(Stored items from a collection)
---*---
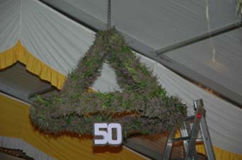 Das Festzelt wurde am Freitag (26. August) festlich für die Jubiläumsfeierlichkeiten geschmückt. Im Vordergrund stand natürlich dabei wieder der Heidekranz.
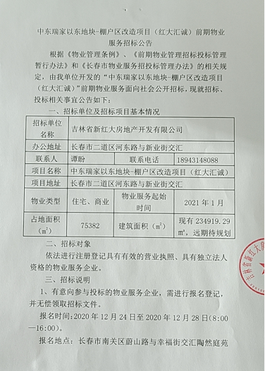 中东瑞家以东地块棚户区改造项目(红大汇诚)前期物业服务招标公告
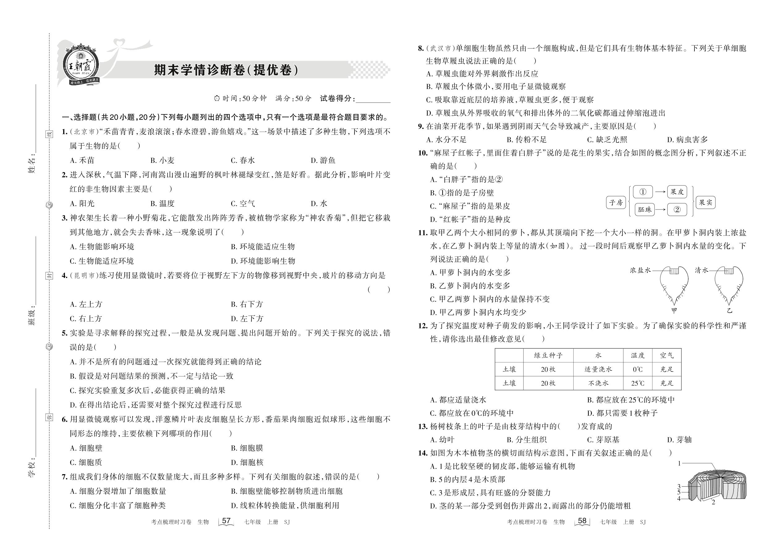 2022上册七年级生物苏教版 期末学情诊断卷(提优卷)
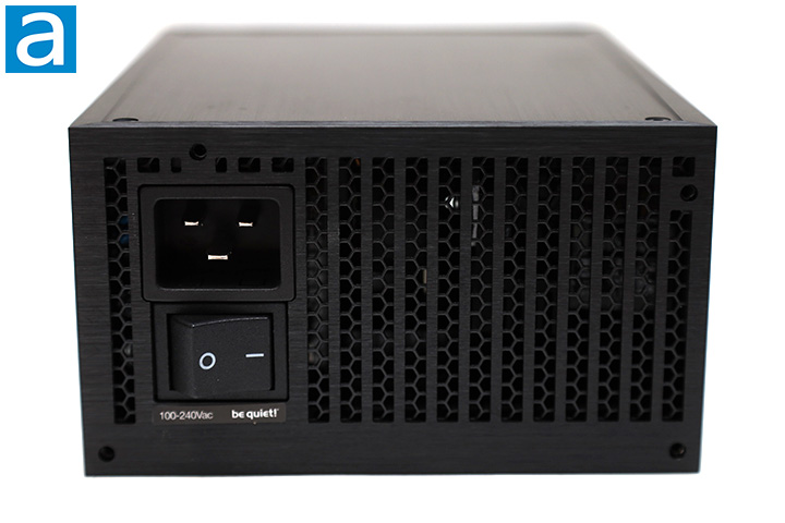 Starting from the back part of the power supply, we have the same familiar honeycomb mesh design as most PSUs with a bottom mounted fan, but with additional vertical bars in front of the honeycomb mesh grille. What you will find here is a horizontally aligned C20 connector for power input on the western edge along with an on/off switch next to it. The C20 plug is used to ensure a high current certified power cable is used. The included AC power cable is a fat 14 AWG unit, but unless you have a stack of these kicking around, be sure not to lose it. Under them is a sticker with be quiet!'s logo and the input voltage range.
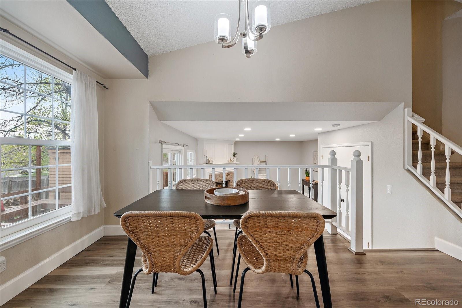 Inside, you'll find an inviting open floor plan with soaring ceilings that set the stage for everyday living and entertaining. The cozy wood-burning fireplace adds warmth and charm to the living room, while the updated kitchen flows effortlessly into the dining area. Upstairs features three bedrooms, including a serene primary suite, along with a second full bathroom.
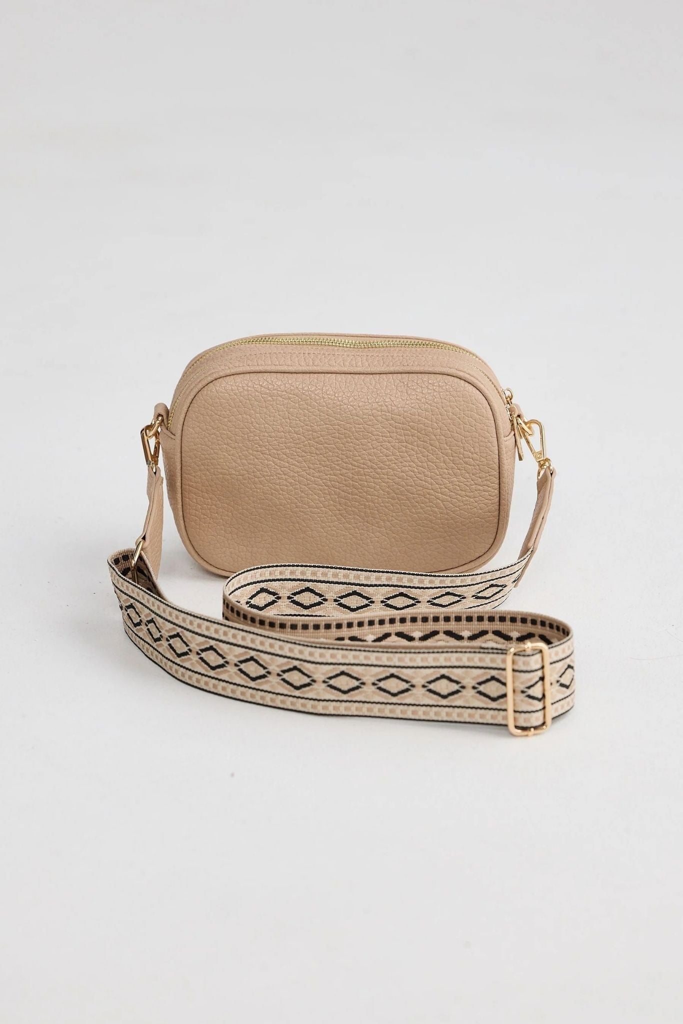 DESCRIPTION - the knightly crossbody bag combines accessibility with refined design. dual wide zip openings ensure effortless retrieval of essentials, while an open pouch provides supplementary storage solutions. the adjustable strap accommodates various carrying preferences, and detachable straps offer styling flexibility for different occasions. available in a versatile ecru finish with subtle patterning, it's an investment piece that seamlessly integrates into any discerning wardrobe.
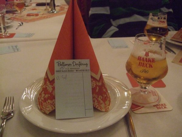 Nachdem auch einige Lieder angestimmt waren und ein paar lustige Döntjes erzählt waren, wurden die Haxen aufgetragen, denn nach dem ersten Bier hatten alle einen entsprechenden Appetit. Die Zubereitung ließ, wie immer, keine Wünsche offen und daher trat Ruhe ein, denn jeder war mit seinem Essen beschäftigt. Es soll auch einen gegeben haben, der eine zweite Haxe in Angriff genommen hat, dann aber nach dem Verzehr der Schwarte aufgeben musste. Für das abschließende Eis mit heißen Kirschen war aber bei allen noch genügend Platz im Magen. Nach dem Verdauungsschluck ging es ans Bezahlen und für die meisten Teilnehmer wurde die vorher organisierte Heimfahrt angetreten. Wie bereits in den Vorjahren ließen es sich neun Teilnehmer nicht nehmen, den Heimweg wieder auf Schuster`s Rappen anzutreten, Respekt, Respekt.
---*---
Because only one stretch of the records is wanted, please output the lines from the one holding "中东瑞家以东地块棚户区改造项目(红大汇诚)前期物业服务招标公告" through the one holding "Starting from the" exactly, both included, and leave every picture out.

 中东瑞家以东地块棚户区改造项目(红大汇诚)前期物业服务招标公告
 2022上册七年级生物苏教版 期末学情诊断卷(提优卷)
 Starting from the back part of the power supply, we have the same familiar honeycomb mesh design as most PSUs with a bottom mounted fan, but with additional vertical bars in front of the honeycomb mesh grille. What you will find here is a horizontally aligned C20 connector for power input on the western edge along with an on/off switch next to it. The C20 plug is used to ensure a high current certified power cable is used. The included AC power cable is a fat 14 AWG unit, but unless you have a stack of these kicking around, be sure not to lose it. Under them is a sticker with be quiet!'s logo and the input voltage range.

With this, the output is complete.